Livorno, 03 luglio 2025 – L’ospedale di Livorno si dota di una nuova piattaforma robotica per la chirurgia mininvasiva. Si tratta del sistema Versius Plus, uno strumento di ultima generazione che consente interventi meno invasivi e tempi di recupero più rapidi per i pazienti. Il primo intervento con il nuovo dispositivo è stato effettuato il 27 giugno, dopo un periodo di formazione per medici e operatori sanitari.

L’installazione del robot è frutto di una collaborazione tra istituzioni pubbliche e partner privati.

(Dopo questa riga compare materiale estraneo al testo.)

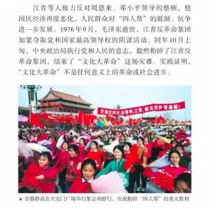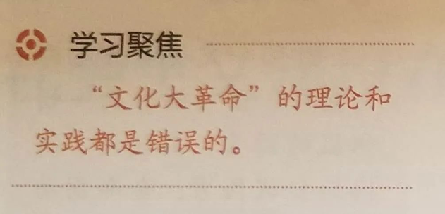 但前兩年,高中歷史課本里突然將「『文化大革命』是一場由領導者錯誤發動,被反革命集團利用,給黨、國家和各族人民帶來嚴重災難的內亂」這句話突然去掉了。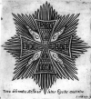2) Звезда золотая; в средине звезды изображен пламенистый крест, имеющий по краям три узенькие полоски, из коих средняя красная, а прочие две золотыя; вокруг же него на синей широкой полосе находится девиз: pro Fide, Rege et Lege (за Веру, Царя и Закон).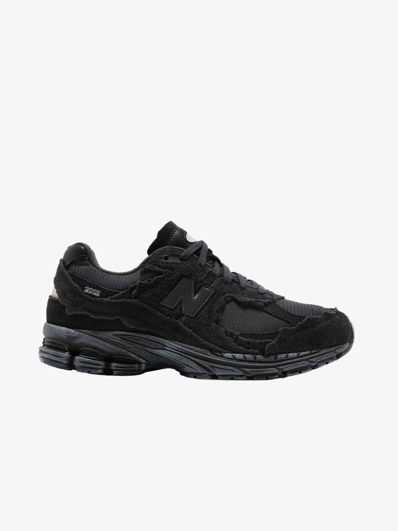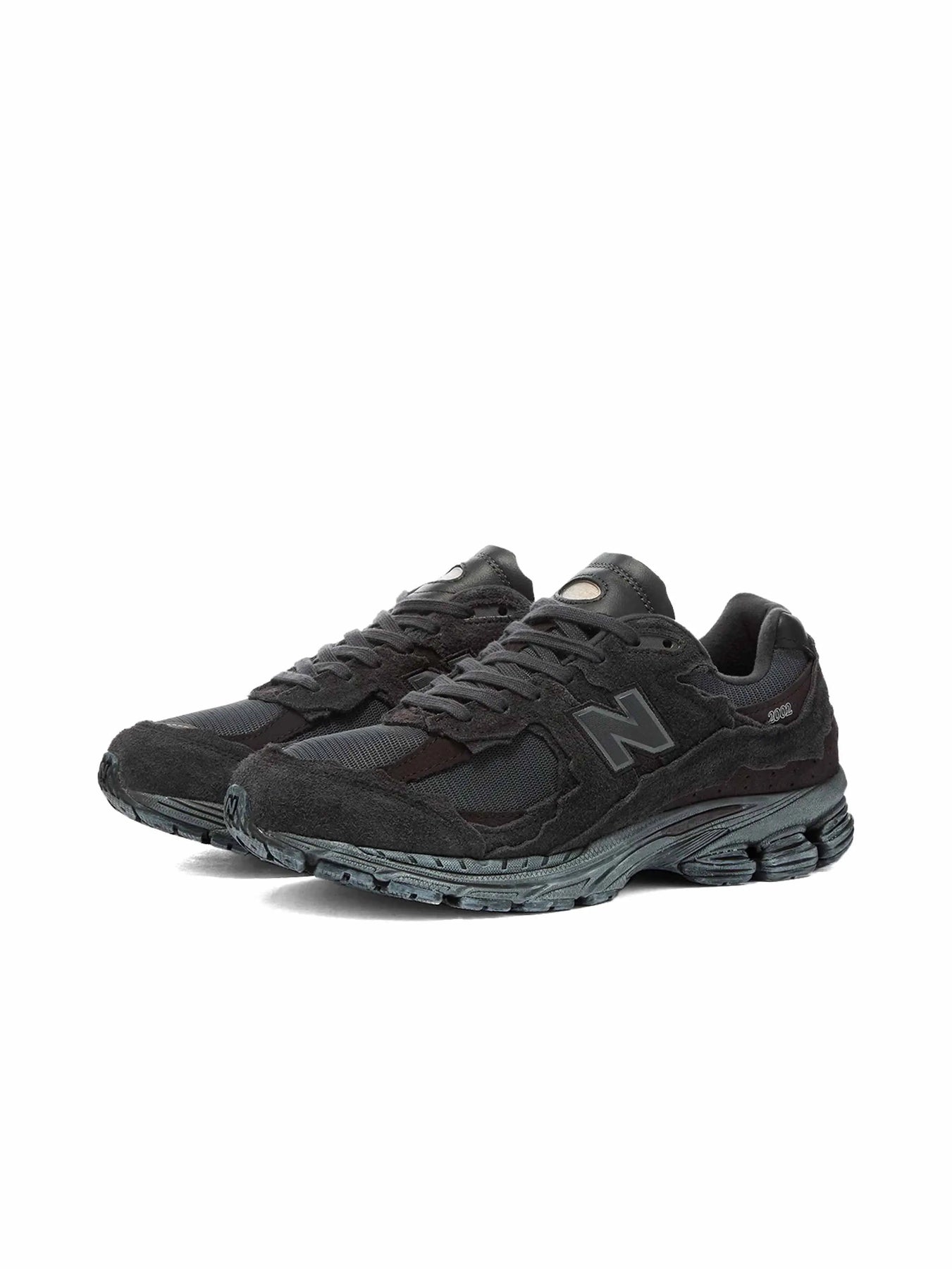 The New Balance 2002R Protection Pack Phantom features a charcoal mesh upper with monotone jagged suede overlays and unfinished edges. From there, a black Nrgy midsole and matching outsole add the finishing touches.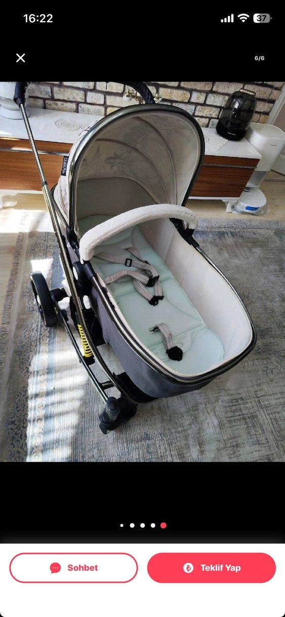 Gri bebek arabası, yumuşak dolgulu iç kısmı ve koruyucu tente ile birlikte gelir. Emniyet kemerleri ve kolay hareket sağlayan sağlam tekerlekli çerçeve bulunur. Ürünün puseti ve fermuarlı ayak örtüsü yok İstanbul içi elden teslimdir.

Il percorso, avviato oltre un anno fa, ha visto coinvolti la Regione Toscana, l’Azienda USL Toscana nord ovest, l’Amministrazione Comunale di Livorno e ENI, che ha fornito il supporto necessario per l’acquisto e l’installazione della tecnologia.

“Il robot Da Vinci non poteva essere installato a causa di limiti strutturali dell’edificio ospedaliero”, spiegano dall’Unione Comunale del Partito Democratico di Livorno, che in una nota rivendicano l’impegno politico dietro al risultato. “Abbiamo cercato soluzioni alternative e costruito un’intesa pubblico-privato che ha portato all’arrivo di Versius Plus, superando gli ostacoli con pragmatismo”.

La nuova piattaforma sarà utilizzata inizialmente per interventi di chirurgia urologica oncologica robot-assistita, con l’obiettivo di estendere progressivamente l’impiego ad altre specialità chirurgiche.

Il PD livornese sottolinea come questa operazione rappresenti un “passaggio significativo verso una sanità più moderna e accessibile”, definendola “una vittoria collettiva” e ringraziando pubblicamente il presidente Eugenio Giani, l’assessore Simone Bezzini, il consigliere regionale Francesco Gazzetti, la direttrice generale della ASL Maria Letizia Casani e il sindaco Luca Salvetti, insieme ai consiglieri comunali Enrico Bianchi e Roberto Danieli.

“L’obiettivo – si legge ancora nella nota – è rafforzare la sanità pubblica locale, investendo in tecnologie ma anche nel personale: turnover, copertura dei ruoli apicali e valorizzazione dei lavoratori restano priorità irrinunciabili”.